Any impact set out in Article 2 a) to d) shall be considered as meeting the threshold of the reputational impact criterion. (Final Report on Draft) Regulatory Technical Standards specifying the criteria for the classification of ICT related incidents, materiality thresholds for major incidents and significant cyber threats under DORA, page 27

Reputational impact is a nuanced but critical aspect of incident assessment. This provision stresses the need to appreciate a broad range of effects beyond mere operational and economic outcomes. It is a reminder of the importance of considering reputation within the bank’s overall incident reporting process.

Management of Recurring Non-major Incidents

Recurring incidents that individually do not constitute a major incident shall be considered as one major incident where the incidents meet all of the following conditions: a) the incidents have occurred at least twice within 6 months; […] (Final Report on Draft) Regulatory Technical Standards specifying the criteria for the classification of ICT related incidents, materiality thresholds for major incidents and significant cyber threats under DORA, page 28

The repetition of smaller-scale incidents can collectively equal a major incident, according to the above criterion. This informs your ongoing risk assessment strategies by highlighting the need to monitor and possibly report recurring ICT-related issues that could escalate in significance when viewed in aggregate.

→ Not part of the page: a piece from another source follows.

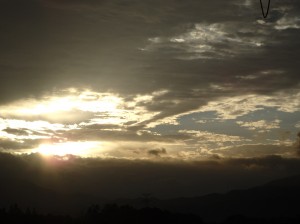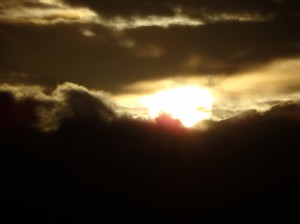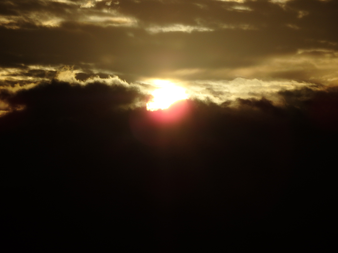 日の出でした。渋い色合いで太陽が眩しくて
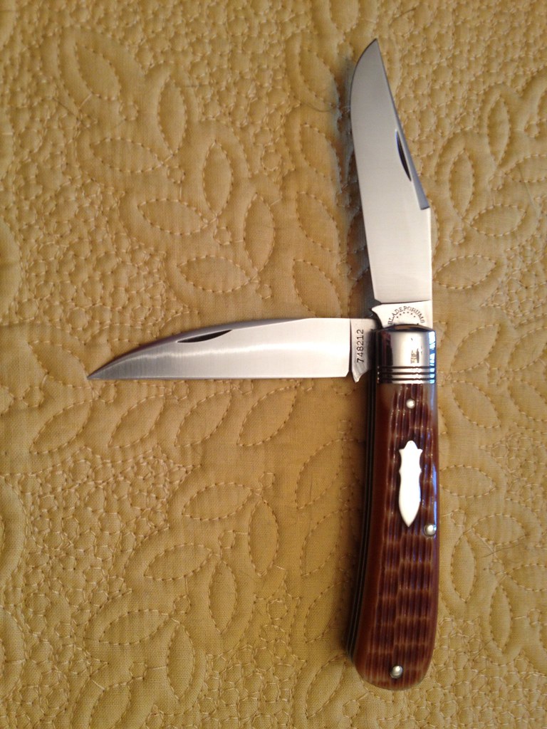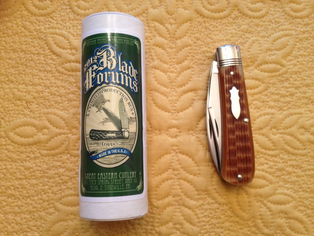 1) 2012 GEC Bladeforums Wharncliff Trapper $OLD. Carried for a bit and has some tiny patina spots. Wharncliff blade was not sharpened at the factory and is dull, I never got around to sharpening it. Purchased new last year.

Supplemental Reporting Protocols

Understanding precise criteria and applying specific materiality thresholds is critical when reporting cyber incidents. The provisions offer a legal backbone for meticulous incident documentation and reporting, a fundamental aspect of adherence to DORA’s mandates. Each step of the reporting protocol must be executed with precision, ensuring that every reported incident meets the stipulated conditions.

Conclusion

The details derived from the aforementioned regulatory technical standards supplement the initial DORA-related guidance by stipulating explicit thresholds and criteria for major incident classification and reporting. These additional insights fortify the bank’s incident response plan and aid in cultivating a structured, compliant approach to managing and disclosing significant cyber threats.